Die Menschen erwarteten Antworten von dieser Industrie, sie erwarteten vor allem politische Antworten auf die Kostenbelastungen an der Zapfsäule, auf die 4 Mrd. Euro, die ihnen in diesem Jahr durch OPEC, Spekulation und Ökosteuer im Portemonnaie gegenüber 2003 fehlen. Für 31 Prozent der IAA-Besucher ist Kraftstoffverbrauch ein Hauptthema, 2003 waren es erst 25 Prozent.

«Die deutsche Automobilindustrie hat diese Antworten hier auf dieser IAA gegeben. Mit der breiten Palette von Fahrzeugen, die kraftstoffeffizienter, abgasärmer und sauberer geworden sind. Die deutsche Automobilindustrie hat mit nochmals optimierten Benzinmotoren, mit dem ‚Clean Diesel’, den vielen neuen Antriebskonzepten von Hybrid über Erdgas bis Wasserstoff und erneuerbaren Energien von Biodiesel bis Ethanol offensichtlich sogar unsere Kritiker überrascht. Gerade die deutschen Automobilhersteller haben sich für alle Optionen regenerativ erzeugter Kraftstoffe aufgeschlossener und besser vorbereitet gezeigt als alle ihre Wettbewerber. Wir freuen uns über den breiten Zuspruch der Öffentlichkeit, der Parteien oder der Betreiber», so Prof. Gottschalk.

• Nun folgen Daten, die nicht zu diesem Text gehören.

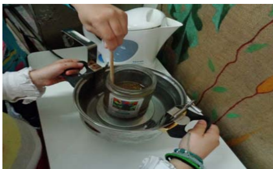
Εικόνα 20: Λιώνουμε το μελισσοκέρι

Η κηραλοιφή μας με μελισσοκέρι και βότανα μας ενθουσίασε όλους. Για την κηραλοιφή που φτιάξαμε στην τάξη, στα 10 γραμμάρια μελισσοκέρι βάλουμε 75 γραμμάρια λάδι. Το λάδι το είχαμε αρωματίσει με βανίλια Μαδαγασκάρης και όταν το κατεβάσαμε από τη φωτιά προσθέσαμε αιθέριο έλαιο από λεβάντα.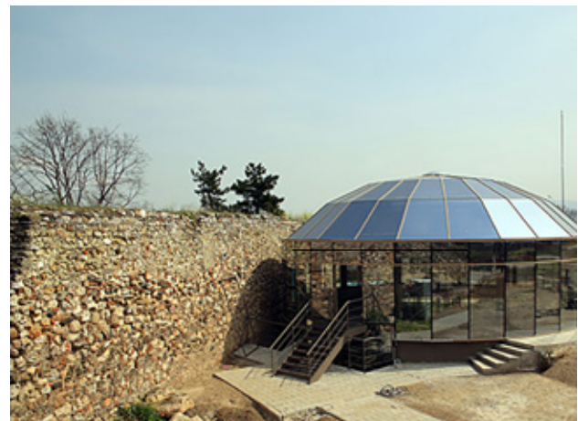
Fig.15. Museum of prehistory, Skopje kale (Fortress), Skopje, Macedonia (after E. Stojanova Kanzurova, 2015)

In Macedonia well known prehistoric complex is the Museum on Water, placed in the Bay of the Bones on Lake Ohrid. It is a pile-dwelling settlement, and it is a part of the National Institute for Protection of Cultural Monuments and the Museum Ohrid. The first phase of this project, financed by the Government of Macedonia was realized in 2008, same year when two of the dwellings in the Neolithic village, Skopje were built and promoted to the public. The Museum on Water in Ohrid, contains 24 dwellings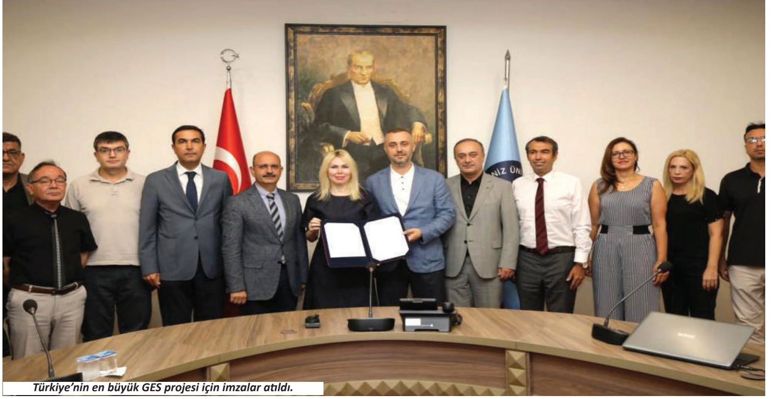
Türkiye'nin en büyük GES projesi için imzalar atıldı.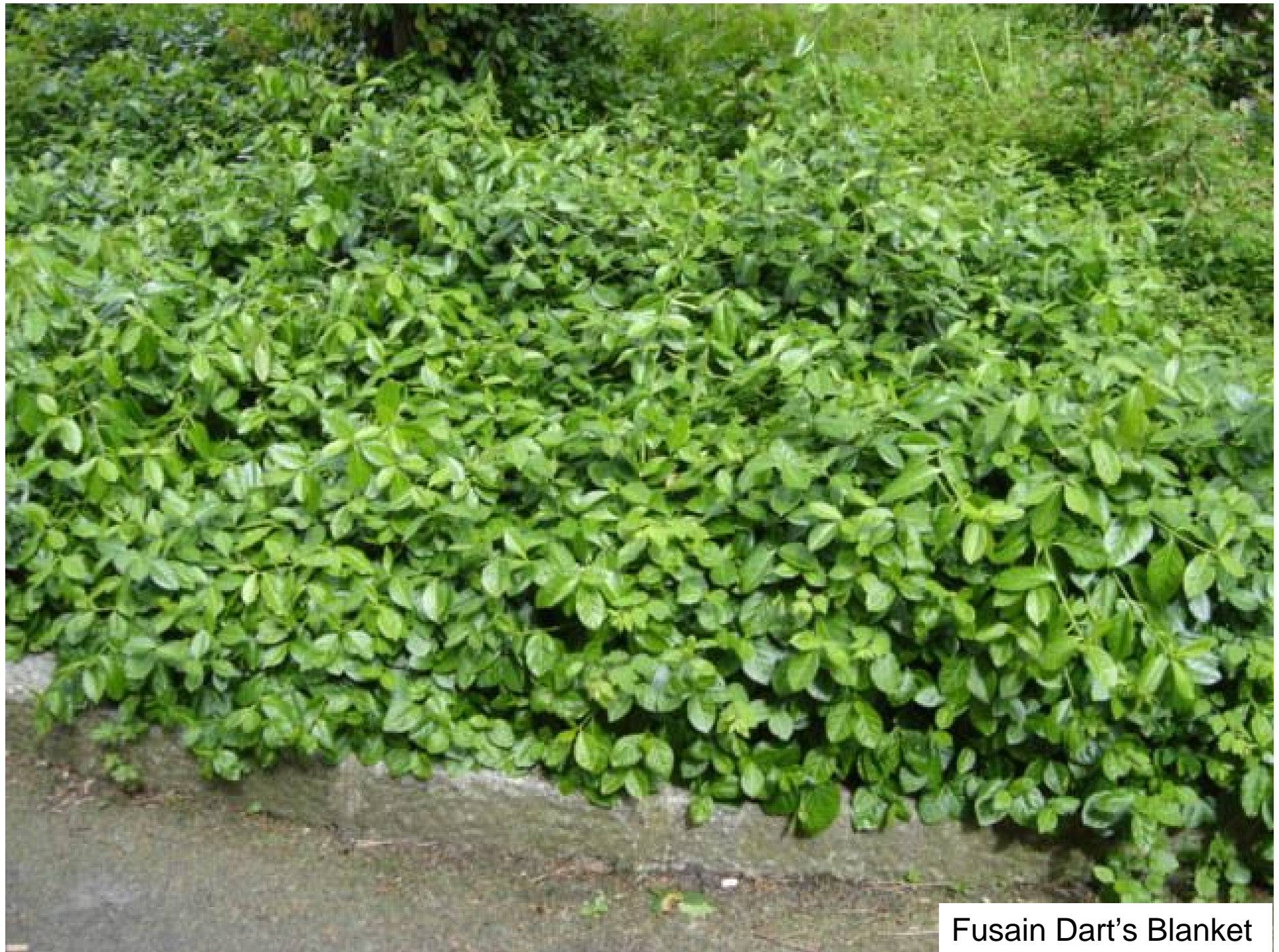
Fusain Dart's Blanket

1041 Aussteller aus 45 Ländern haben auf der IAA auf 225000 m² ihre Innovationen gezeigt. 14250 Journalisten aus 93 Ländern berichteten über die weltgrößte Automobilmesse; 40 Prozent der Journalisten kamen aus dem Ausland. Die rund 940000 Besucher kamen aus 99 Ländern. Jeder 7. Fachbesucher kam aus dem Ausland (2003: jeder 9.), der größte Teil davon aus Europa (72 Prozent); der Anteil der Fachbesucher aus Asien stieg auf 15 Prozent (2003: 9 Prozent), der aus Amerika auf 10 Prozent (2003: 4 Prozent).
Über 50 Delegationen aus dem außereuropäischen Ausland haben die IAA besucht. Die Spannbreite reicht von Japan, China, Hongkong, Thailand und Indien bis zu Lateinamerika, Russland und Afrika.
Der Bekanntheitsgrad der IAA ist hoch: 89 Prozent der deutschen Bevölkerung kennen die IAA. Die meisten IAA-Besucher (63 Prozent) reisen mit dem Auto an, mit der Bahn kommen 19 Prozent.

Zahlreiche in Eisenach ansässige Unternehmen waren auf der IAA vertreten. So u.a. FER, edag, automotive thüringen e.V. (at), plastic omnium, emitec, Opel, BMW und Automotive Competence Center (acc).